Qualifications and Experience

• Education: Bachelor’s or Master’s degree in Computer Science, Cybersecurity, or a related field.
• Experience: 10–15 years of progressive experience in cybersecurity, with at least 10 years leading security architecture and engineering functions in complex enterprise environments.
• Certifications: CISSP, CCSP, CISM, or relevant cloud security and architecture certifications preferred.
• Technical Expertise:
• Proven leadership in hybrid environments (on-premises Azure Cloud).
• Deep understanding of application, infrastructure, and cloud security architecture.
• Experience in AI/ML security, automation, continuous controls monitoring, Zero Trust, Identity and Access Management (IAM, PIM, MFA, SSO), and data protection frameworks.
• Proficiency with enterprise cybersecurity platforms such as Endpoint Protection Platforms (e.g., CrowdStrike, SentinelOne, Microsoft Defender), SIEM’s (e.g., Splunk, CrowdStrike Next-Gen SIEM, Microsoft Sentinel), and deception technologies.
• Proficiency with DevSecOps integration, infrastructure-as-code security, and automated compliance tooling.
• Experience with Cyber Threat Intelligence and Threat Hunting frameworks, processes, and platforms.
• Hands-on familiarity with SIEM, EDR/XDR, DLP, PKI, and vulnerability management solutions.
• Strong understanding of industry standards and frameworks (NIST, ISO 27001, CIS Controls).
• Experience working with global teams and managing cybersecurity initiatives across multiple regions and time zones.

Core Competencies

• Strategic Influence: Shapes cybersecurity technical direction and engages senior technology stakeholders in risk-aware decision-making.
• Technical Authority: Recognized as a trusted expert in secure architecture, engineering, and technology integration.
• Collaboration: Builds partnerships across IT and business domains and collaborates effectively with global colleagues.
• Innovation: Champions AI automation, continuous control enhancement, and secure-by-design innovation to improve resilience and efficiency.
• Communication: Simplifies complex cybersecurity concepts for executive and business audiences with clarity and precision.

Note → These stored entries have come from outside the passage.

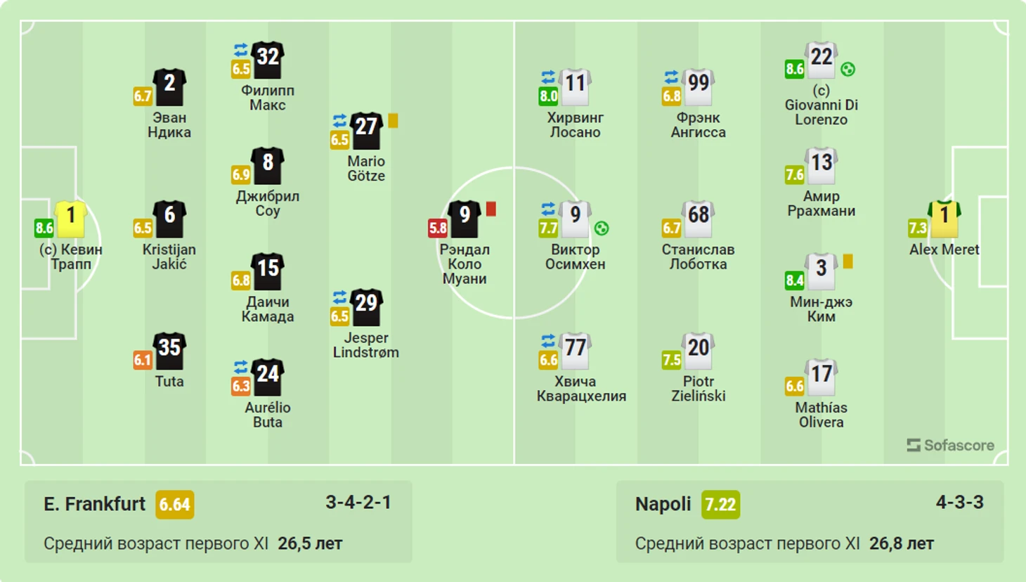 1) Грегор Кобел 8,9 Калиду Кулибали 7,1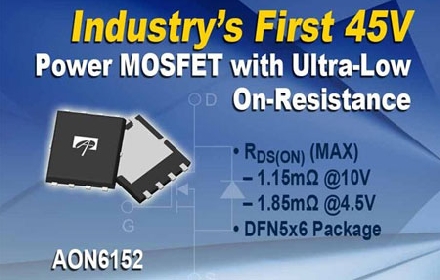 功率半導(dǎo)體及芯片供應(yīng)商AOS萬國半導(dǎo)體推出業(yè)界第一個(gè)單N溝道45V MOSFET:AON6152, 在10V Vgs 時(shí)Rdson可達(dá)到超低1.15mohm。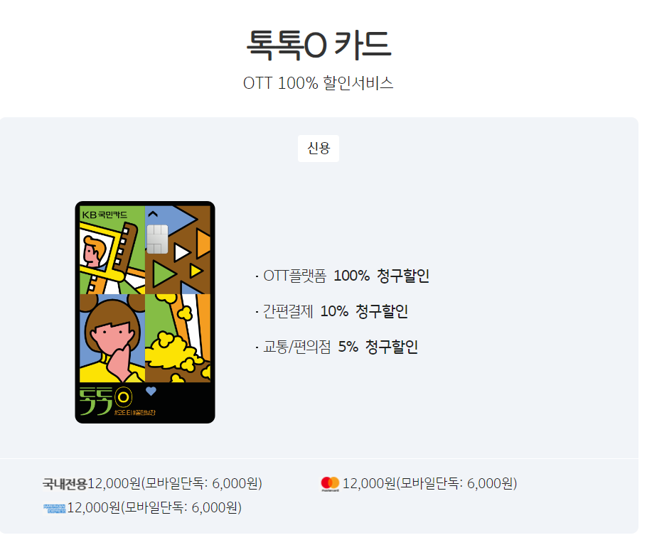 그러나 디즈니플러스만 대상으로 놓고 봤을때 가장 강력한 카드는 KB카드의 톡톡O카드입니다.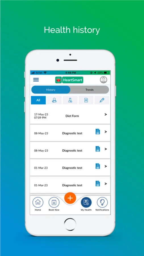HeartSmart is a one-stop solution for all your health needs. You can maintain your health history including doctor/dietitian prescription, diagnostic test results and various health parameters, book appointment for additional health services, have video consultation with doctors.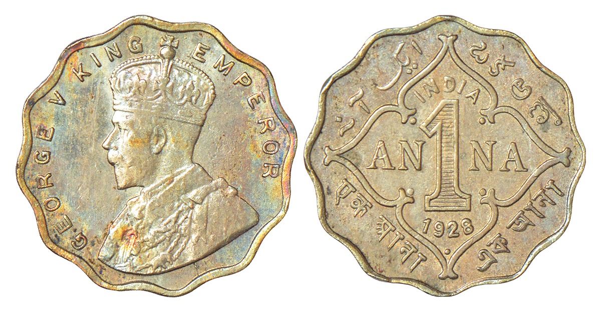 British India: George V, cupro-nickel 1 anna, 1928, Bombay mint, dot, PR 956; GK 1160, 3.86g.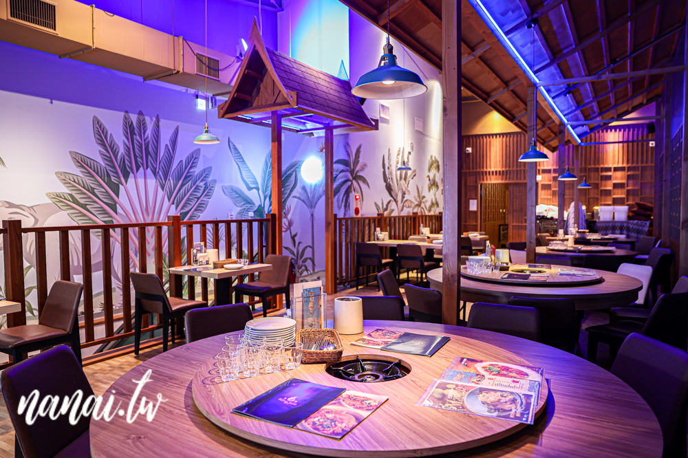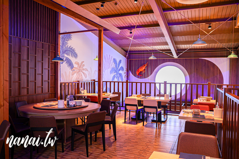 二樓用餐環境是木屋結合海洋風的設計,有四張四人桌、三張兩人桌,還有圓桌可選,座位選擇很豐富,無論是兩人小聚還是多人聚餐都很適合。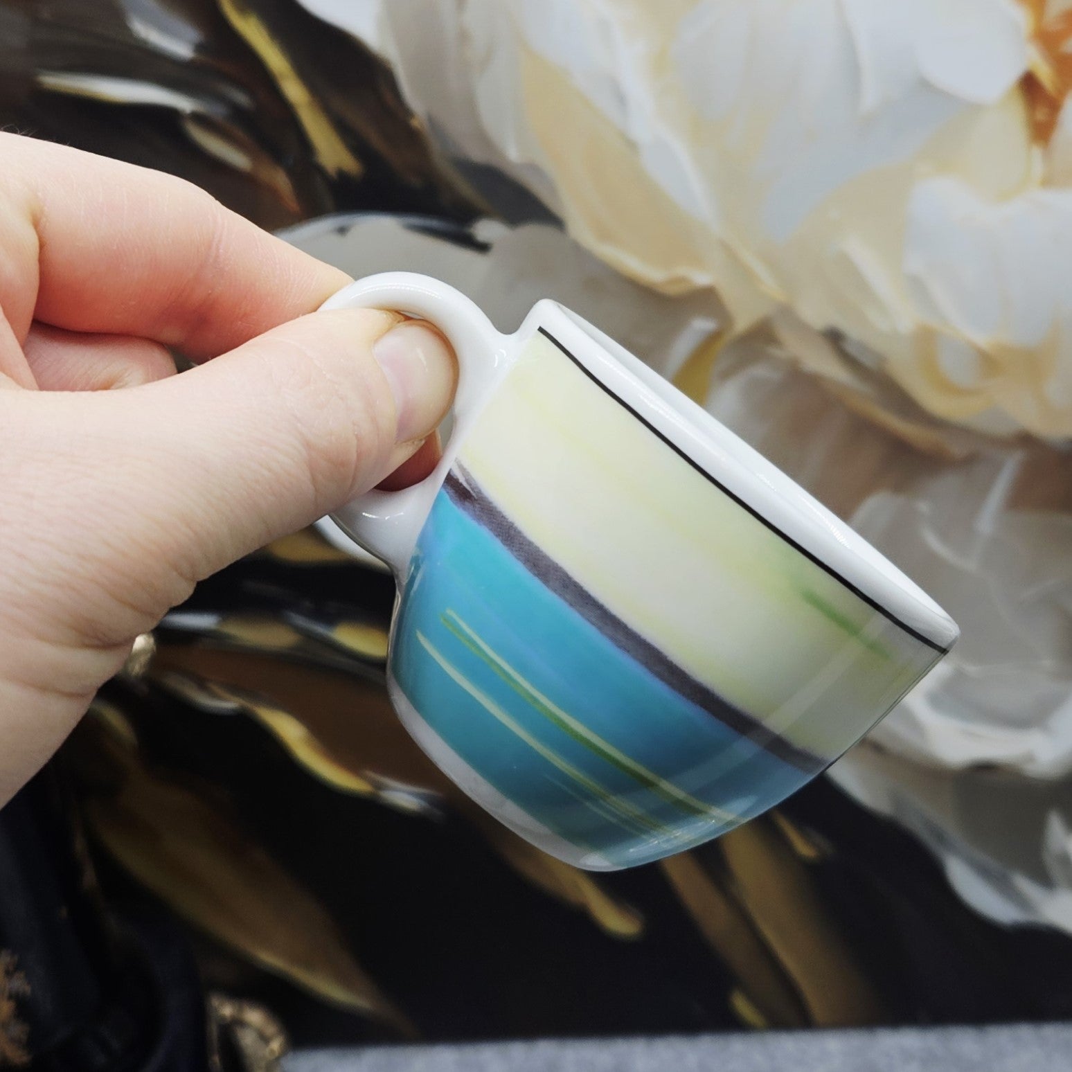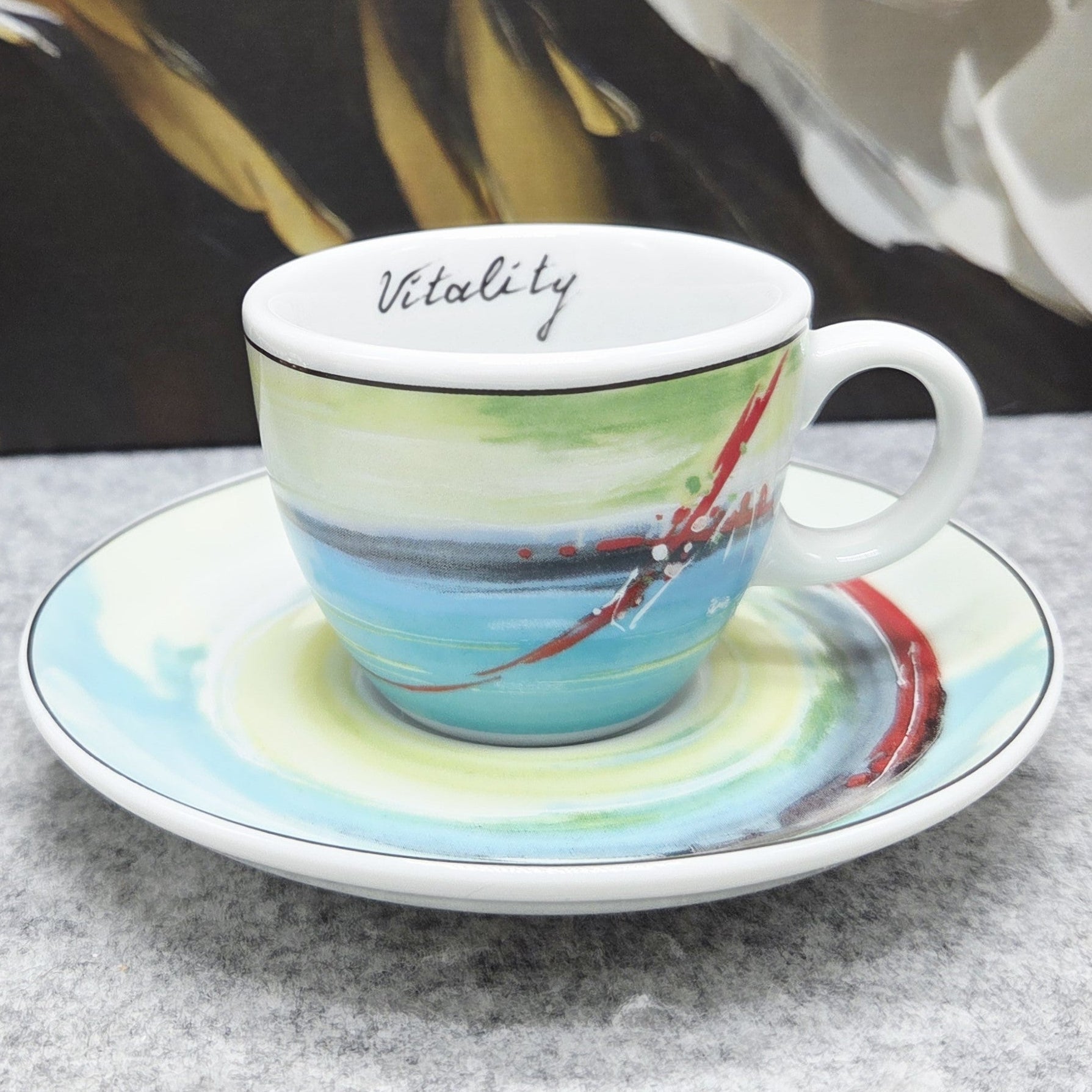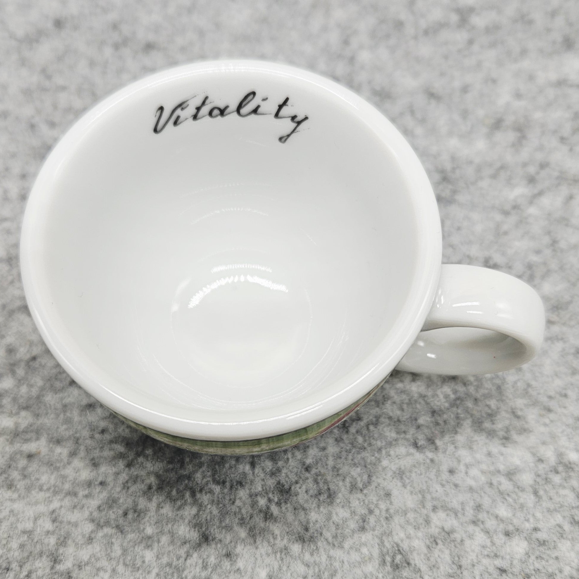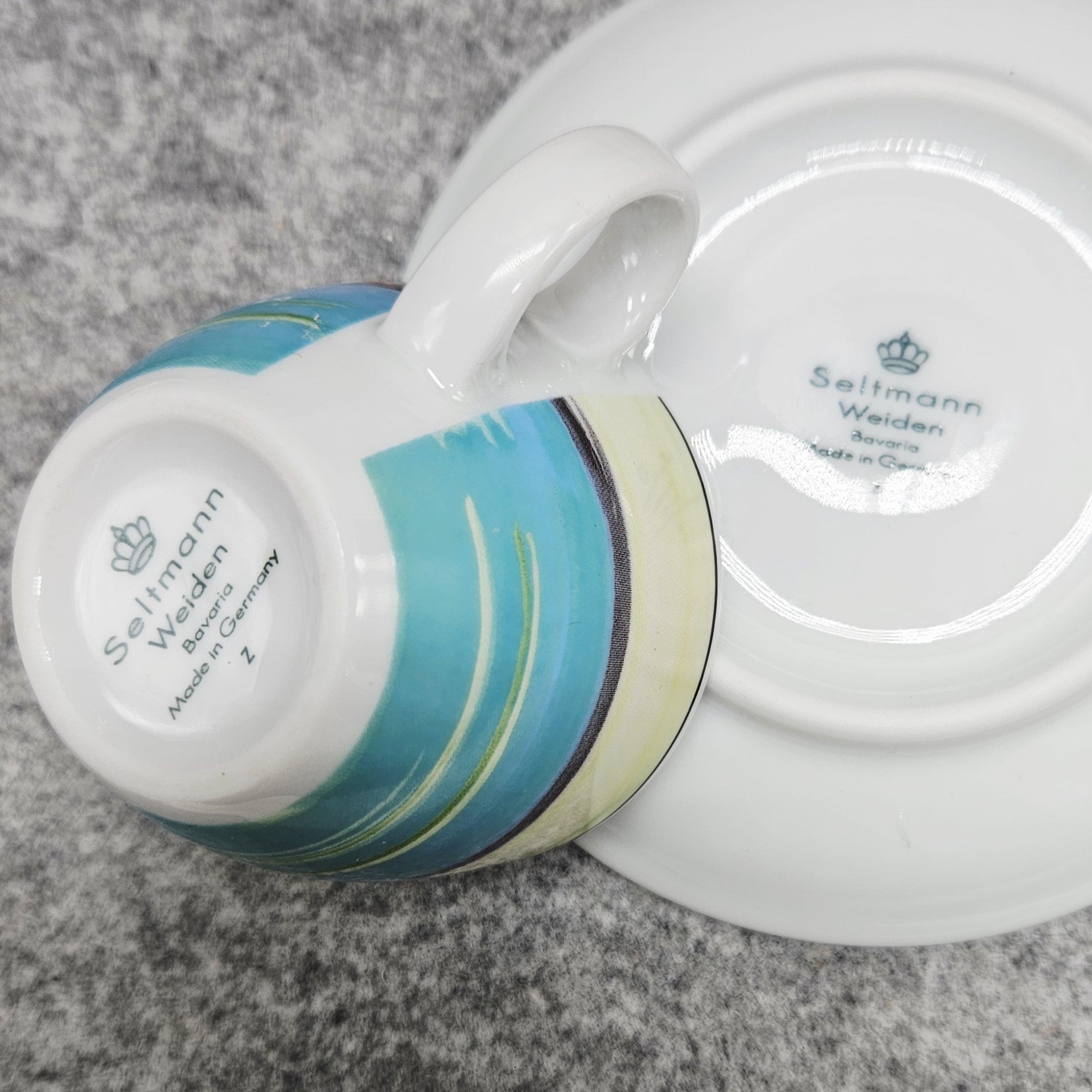 Stilingas ir modernus Seltmann Weiden „Vitality“ kolekcijos porceliano puodelis su lėkštute, išsiskiriantis spalvingu, gyvybingu dekoru ir šiuolaikišku dizainu. Dinamiškos žalios, mėlynos bei raudonos spalvų linijos suteikia energijos ir lengvumo įspūdį, todėl šis rinkinys puikiai tiks kasdieniam naudojimui ar interjero akcentui.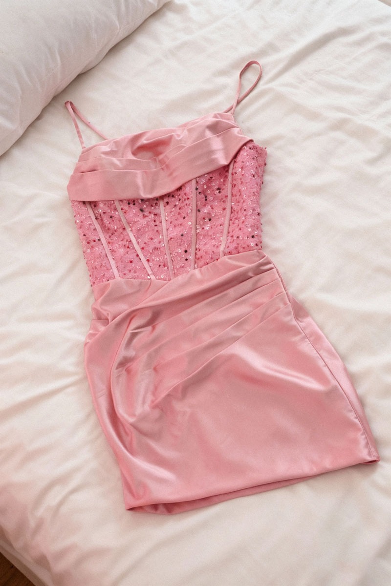 Sheath/Column Sweetheart Criss Cross Back Short/Mini Stretch Satin Knit Homecoming Dresses With Sequins #SHD10567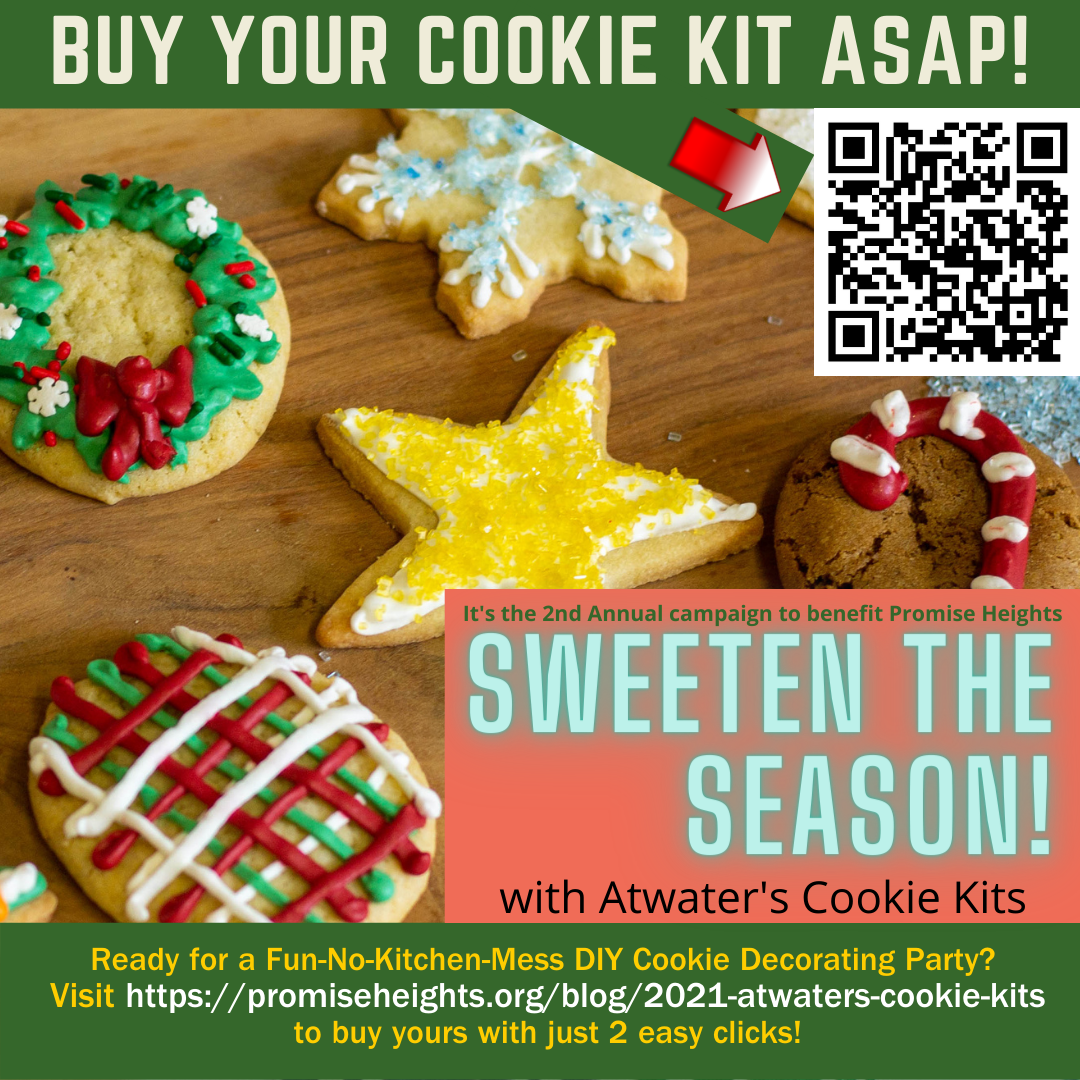 You and your family can decorate the cookies as you please. plus you’ll have that great feeling knowing you’re supporting the Promise Heights team as they work in the community during the coming winter months. Atwater’s founder and owner, Ned Atwater, has generously arranged that your purchase of the Atwater’s cookie decorating kit will result in a $5 donation to Promise Heights to help expand our efforts during the coming winter months.

Values & Culture Alignment

• Acts with non-negotiable integrity and maintains the highest professional standards.
• Demonstrates intellectual curiosity, seeking to continually advance the firm’s cybersecurity engineering posture.
• Embodies collaboration, transparency, and accountability in all engagements.
• Dedicated to protecting client trust through security excellence and proactive risk management.

Special Requirements

• Required to be onsite in primary office location (New York or Seattle) four days per week.
• Occasional after-hours or weekend support may be necessary for global collaboration or incident response.